The cost-effective C75 cryomodule program refurbishes
particle accelerator parts by mixing old and new technology
Even particle accelerators need a refresh every once in a while. The Continuous Electron Beam Accelerator Facility (CEBAF) at the U.S. Department of Energy's Thomas Jefferson National Accelerator Facility is no exception.
CEBAF produces a powerful electron beam by shuttling electrons around its racetrack shape. Physicists probe different targets with CEBAF’s beam to learn more about the atomic nucleus.
The main structural unit of CEBAF, like many other particle accelerators, is called a cryomodule. In total, CEBAF is comprised of about 50 cryomodules lined up end to end in two linear accelerators of the same length (North and South Linacs). However, not every cryomodule is the same: they differ in how well they accelerate the electrons running through them, and each cryomodule’s performance also declines due to wear and tear from operations.

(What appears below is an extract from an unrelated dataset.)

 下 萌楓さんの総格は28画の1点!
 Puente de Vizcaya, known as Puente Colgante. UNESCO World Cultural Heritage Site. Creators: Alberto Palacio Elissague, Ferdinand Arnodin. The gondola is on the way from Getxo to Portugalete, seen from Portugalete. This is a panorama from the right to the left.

Now, Jefferson Lab scientists and engineers are enhancing the performance of its poorest performing cryomodules, an effort known as the C75 cryomodule program.

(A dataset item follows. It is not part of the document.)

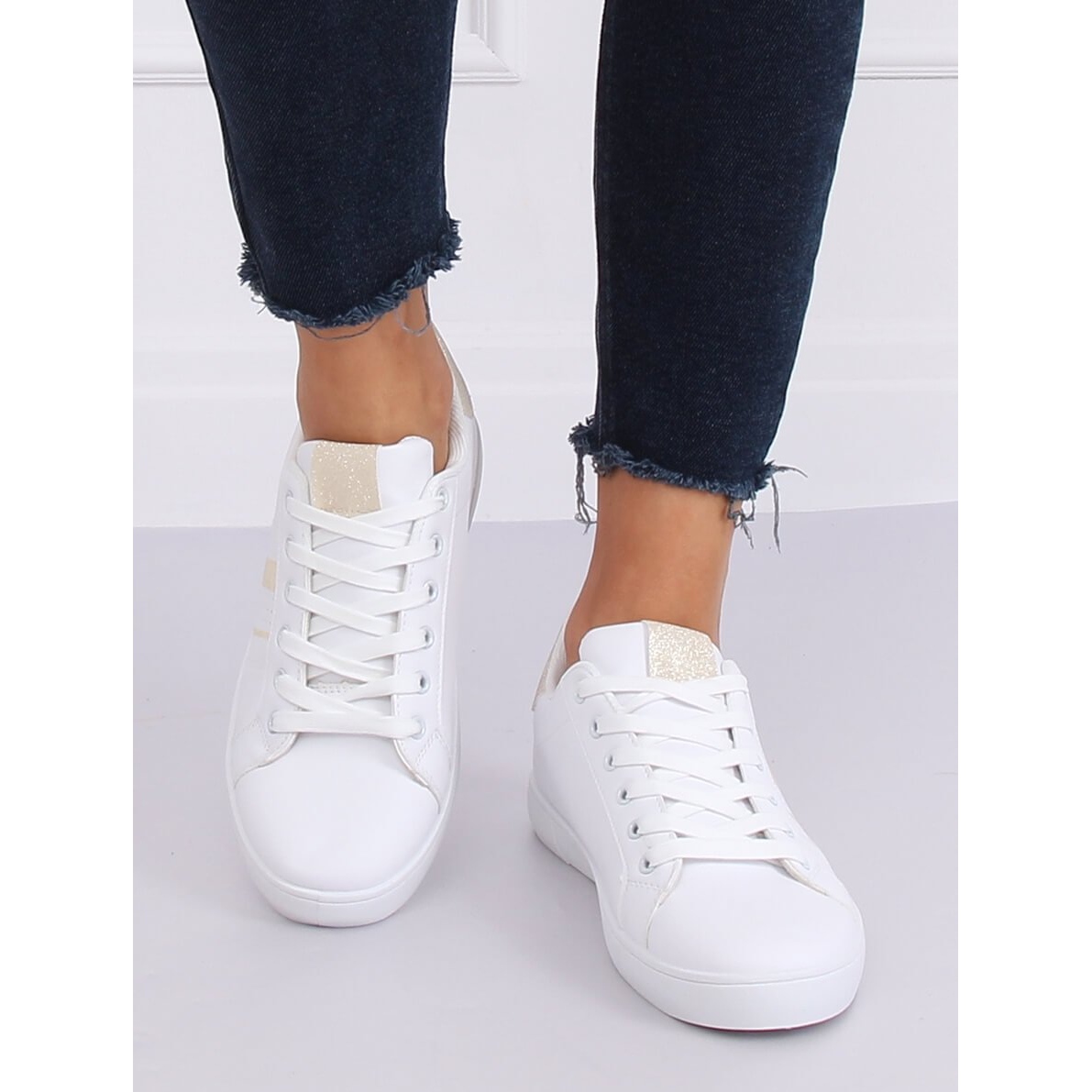 Inna marka Bijele ženske tenisice K-388 BIJELO / ZLATNO bijela

“The purpose of the program is to increase the energy output from refurbished cryomodules from CEBAF,” said Gianluigi “Gigi” Ciovati, an accelerator scientist who holds a joint appointment at Jefferson Lab and Old Dominion University.
Cryomodules are classified by their performance, or the total amount of acceleration they give to electrons. All of the cryomodules originally installed in CEBAF were C20 cryomodules, named such because they provide electrons in the accelerator’s beam with 20 MeV energy gain.
Between 2006 and 2017, thirteen of these original C20 cryomodules were refurbished, transforming them into C50 cryomodules, capable of providing electrons with 50 MeV energy gain. Additionally, when Jefferson Lab upgraded CEBAF’s electron beam energy to 12 GeV in 2017, CEBAF received ten new C100 cryomodules built from scratch at Jefferson Lab.
Despite these improvements and additions, some original, un-refurbished C20 cryomodules remain. To ensure that CEBAF maintains its total energy output over time, the poorest-performing cryomodules must be refurbished. Through the C75 cryomodule program, Jefferson Lab scientists, engineers and technicians plan to revamp 10 of the C20 cryomodules.
“The cryomodules that are performing the worst, they’re the ones that are going to be pulled out,” said Ciovati. “And when they’re reassembled, the goal is for them to provide a 75 MeV energy gain.”
The previous refurbishment method transformed C20 cryomodules into C50 cryomodules, but Jefferson Lab’s scientists realized this wasn’t keeping up with CEBAF’s energy needs. The C75 cryomodule program, which was originally conceived by Arne Freyberger, Ganapati Myneni and Robert Rimmer, will employ a new, more cost-effective refurbishment method.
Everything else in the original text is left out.